=== WHAT THE TASK REQUIRES ===
Transcribe the entries below exactly from their first line through the line containing "Барышев Кирилл, ученик", and let no picture into the copy.

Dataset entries
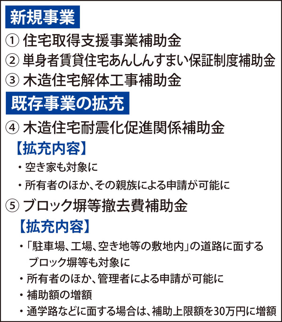 【2】は単身世帯の安否確認や死亡に伴う原状回復費用への対応。【3】は1981年5月以前の旧耐震基準で建築された木造住宅の解体費用を30万円補助し、非課税世帯の空き家には最大50万円まで補助する。当初予算で4件200万円を確保した。
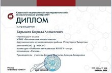 Барышев Кирилл, ученик 8 класса, занял 3 место в конкурсе «Нобелевские надежды КНИТУ – 2024», номинация «Физика». Руководитель: учитель физики Мустаева Д. Л.
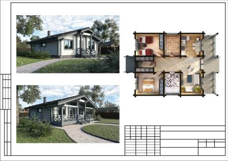 Beschreibung Ein Holzhaus aus Furnierschichtholz mit Terrasse "Wolfgang" ist ein kleines Haus für den ständigen Wohnsitz einer kleinen Familie. Das Haus hat alles was Sie brauchen: zwei Schlafzimmer, ein Badezimmer und eine geräumige Wohnküche. HAUS-PLAN:
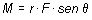 siendo F la magnitud de la fuerza, r la distancia entre el punto O y el punto P de aplicación de F y q el ángulo que forma Fcon el segmento . Se expresa en unidades de fuerza por unidades de distancia, es decir, en newtons por metro (N · m), en el Sistema Internacional.
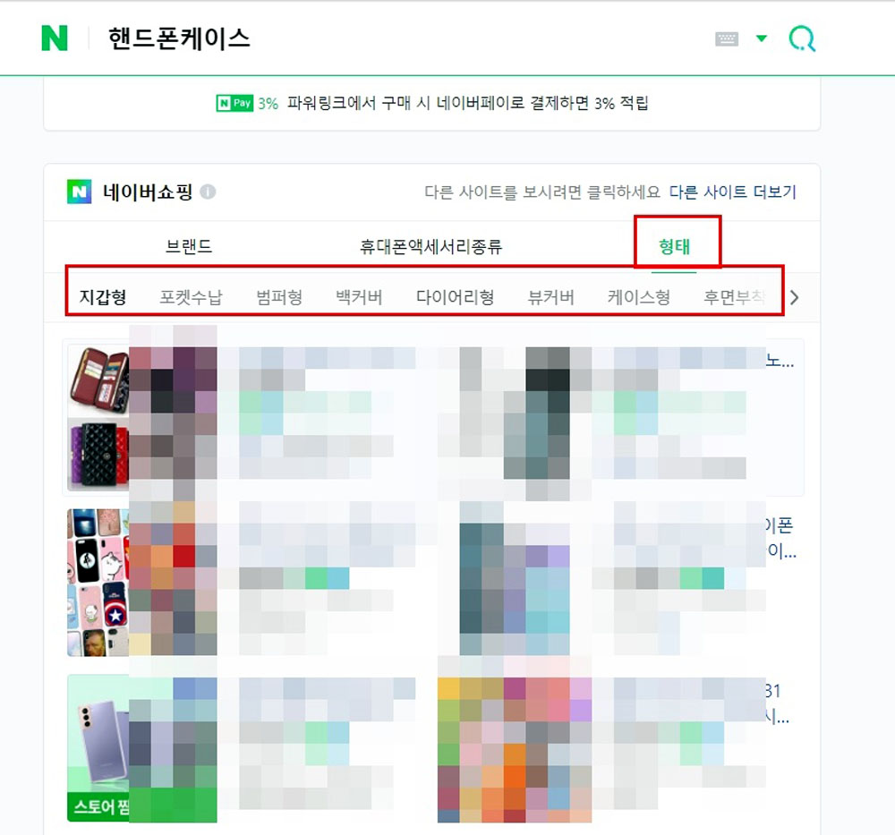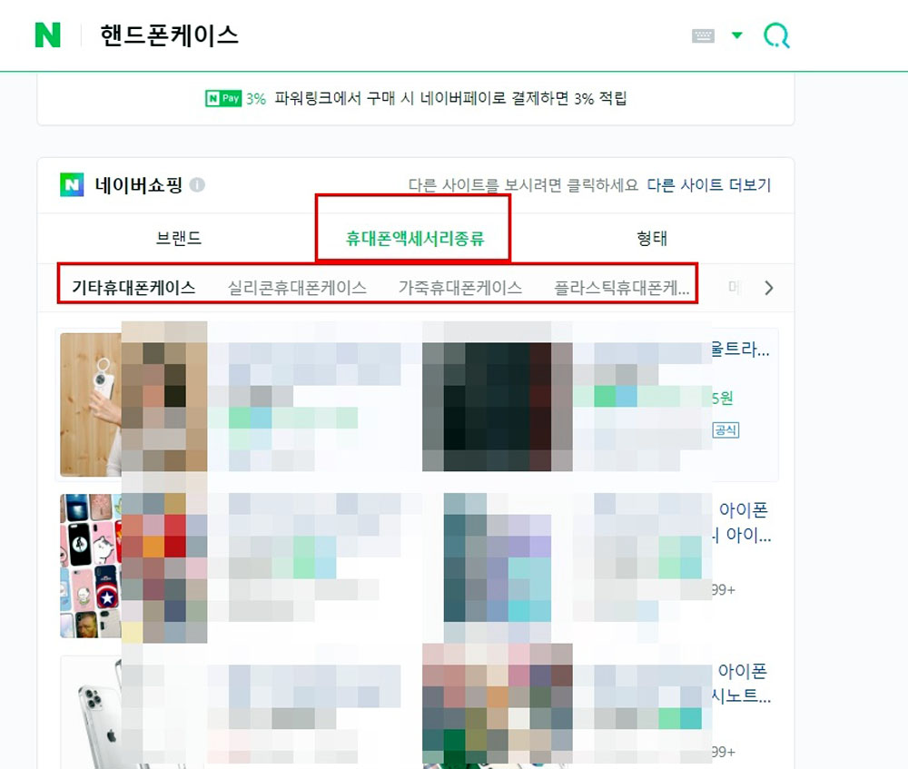 네이버 통합 검색창에 ‘핸드폰케이스’라고 검색을 해 보았습니다.
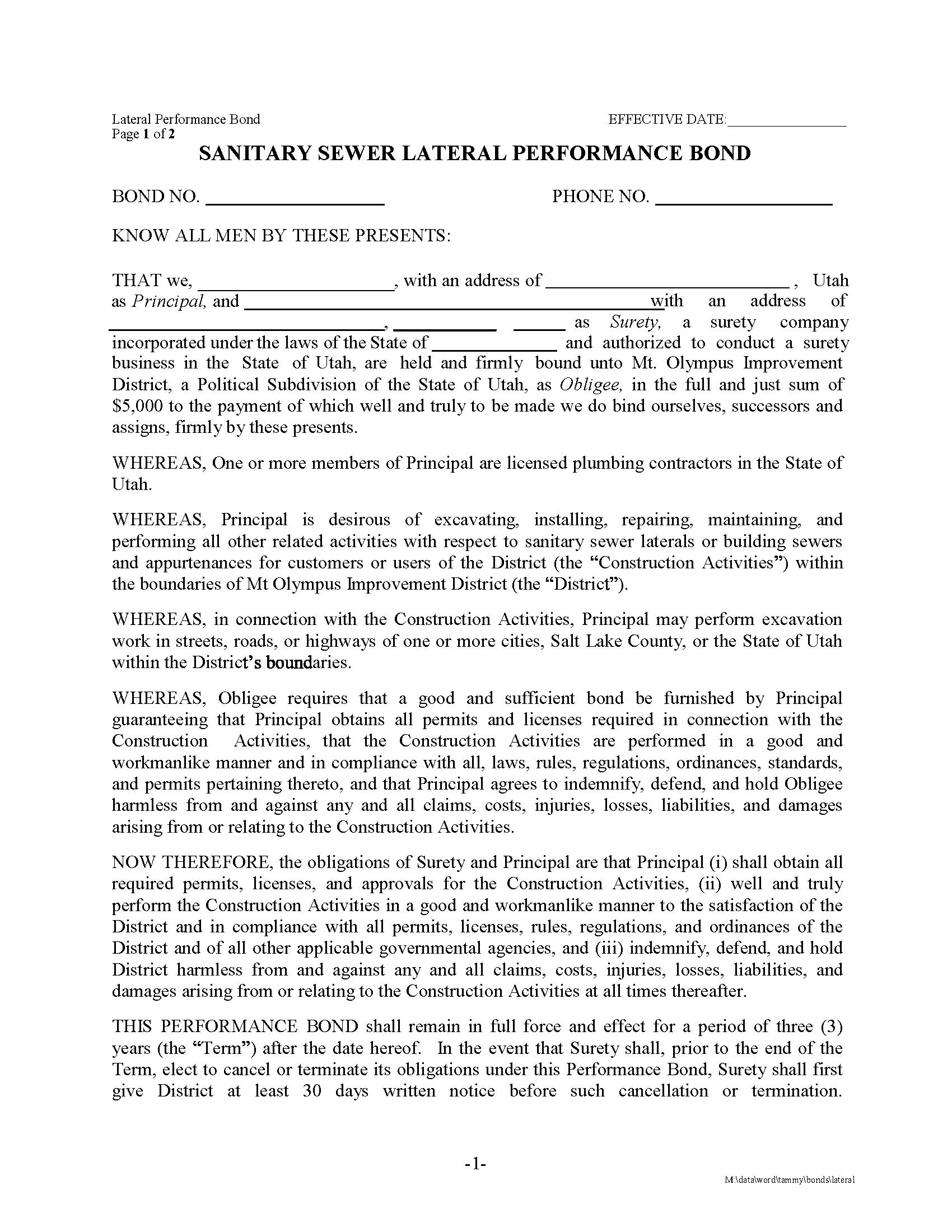 The Utah Mt. Olympus Improvement District, Salt Lake County, State of Utah Sanitary Sewer Lateral Performance Bond Bond starts at $250 plus shipping costs and fees. Fill out the form to buy your bond instantly!
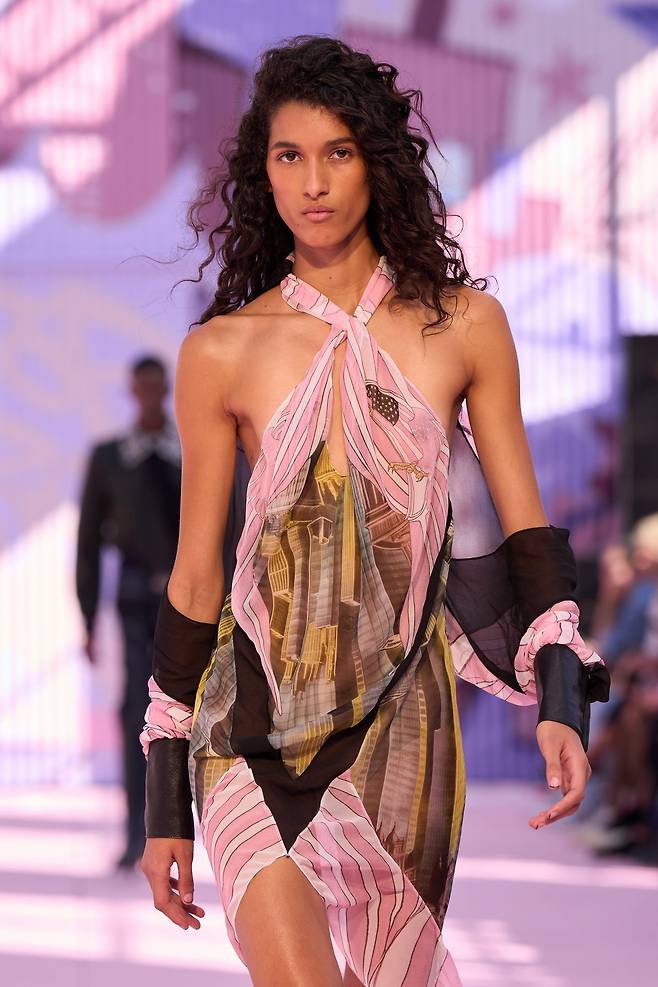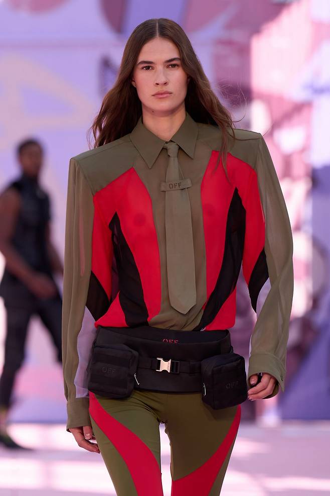 뉴욕의 한 디자인 고등학교 강당에서 열린 오프 화이트 쇼. 무대가 된 공간부터 풋풋한 하이틴 에너지가 흐릅니다. 그래피티로 가득한 벽과 농구 코트를 배경으로, 모델들은 모던한 테일러링 재킷부터 우아한 드레스까지 폭넓은 룩을 선보였죠. 과감한 패턴과 색상은 키치한 무드를 더했고, 뉴욕 도심을 담은 그래픽은 브랜드 특유의 스트릿 감성을 놓치지 않았습니다. 학창 시절의 기억을 불러일으킨 강당이라는 장소는 쇼의 분위기를 한층 고조시켰답니다.

=== SOLUTION ===
 【2】は単身世帯の安否確認や死亡に伴う原状回復費用への対応。【3】は1981年5月以前の旧耐震基準で建築された木造住宅の解体費用を30万円補助し、非課税世帯の空き家には最大50万円まで補助する。当初予算で4件200万円を確保した。
 Барышев Кирилл, ученик 8 класса, занял 3 место в конкурсе «Нобелевские надежды КНИТУ – 2024», номинация «Физика». Руководитель: учитель физики Мустаева Д. Л.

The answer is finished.